Thames Valley Skiff Club is an English skiff and punting club, which was founded in 1923. It is based on the River Thames in England, on the Surrey bank between Sunbury Lock and Walton on Thames.

The club supports two traditional water sports - skiffing and punting. Skiffs are traditional, stable wooden boats which are sculled with a pair of blades. Punts are 2 ft and 1 ft (Best and Best) racing punts. Punting is carried out competitively at regattas under the rules of the Thames Punting Association. Skiffs are raced at regattas run under the rules of the Skiff Racing Association, and are used for leisure outings such as Thames meanders. The club colours are yellow and black. The club organises a club regatta in July, and also hosts Walton Reach Regatta and the singles and doubles marathon events in October.

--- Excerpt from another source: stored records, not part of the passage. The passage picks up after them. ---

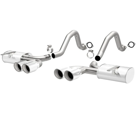 The MagnaFlow Chevrolet Corvette Street Series 16732 brings enhanced engine sound and dyno-proven performance to your 5.7L 1997-2004 Chevrolet Corvette with a healthy helping of our deep, resonant signature exhaust note at Moderate exterior and Mild interior sound levels. Thanks to its durable, corrosion resistant stainless steel design, this Chevrolet Corvette exhaust system will handle whatever tarmac you decide to leave your mark on. This performance exhaust kit features an axle-back layout designed to replace your Chevrolet Corvette’s exhaust system from near the rear axle on back. With its fast-flowing, mandrel bent 2.5in. main piping and 2 Straight-Through mufflers ending in a Quad Center Rear exit with 4in. Polished Welded-Double Wall-Angle Cut-Rolled Edge-Resonated tips, your ride will be sounding as awesome as it looks. Extensive 3D scanning during development has resulted in a direct-fit design that you can easily install yourself. 16732 is produced using CNC precision robotic manufacturing techniques and is backed by MagnaFlow’s 1-year limited finish warranty and limited lifetime construction warranty.
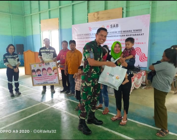 Kegiatan Dihadiri Dandim 1013/Mtw Letkol Inf Agussalim Tuo, S.H., M.IP ,Pasi Ops Kodim 1013/Mtw Kapten Inf Trio Pramono, Kapolsek Laung Tuhup, Ipda S. Taufik Hidayat, S.Tr.K ,Persiden Direktur PT SAB Imelda Adhisaputra, KTT. PT. SAB Dedy Waliyan, Head Legal dan Corporate Secretary PT SAB Rangga Dahana Manager HRD PT SAB janet, Kepala Desa Tahujan Laung Jojo, Kepala Desa Batu Bua I Karmawanadi, Lurah Batu Bua II Diwakili Agus, Pemegang Program Gizi Puskesmas Batu Bua Arariaini, Amd.Gz, Penerima Beasiswa Dari PT SAB Wenny Silviana Serta Masyarakat yang Hadir Kurang lebih 100 Orang.
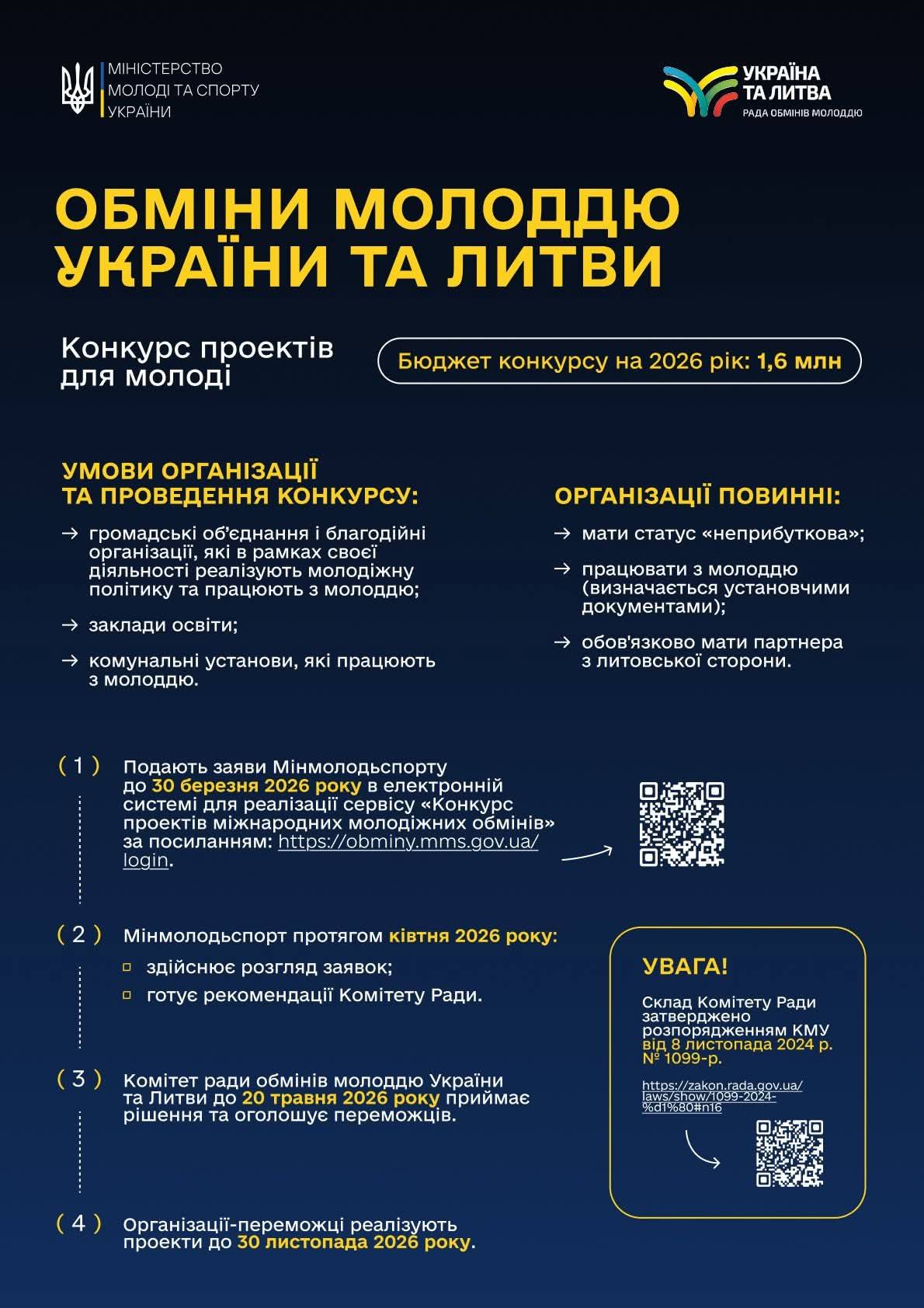 Стартував конкурс проєктів молодіжних обмінів України та Литви на 2026 рік!

Over the years, club members have competed and won medals in rowing at the Olympic Games and other international level events. The club provides support and coaching for all levels from beginner to advanced.

The Club house is located at the end of Dudley Road in Walton and faces directly onto the river. The club originally boated from Rosewell's Boathouse at Walton Bridge and then to Clark's boathouse in Sunbury on Thames. After 1945 the club moved to the Anglers public house at Walton, before establishing its own boat and club house on a former UDC bathing place. The club has close historical links with Walton Rowing Club close by.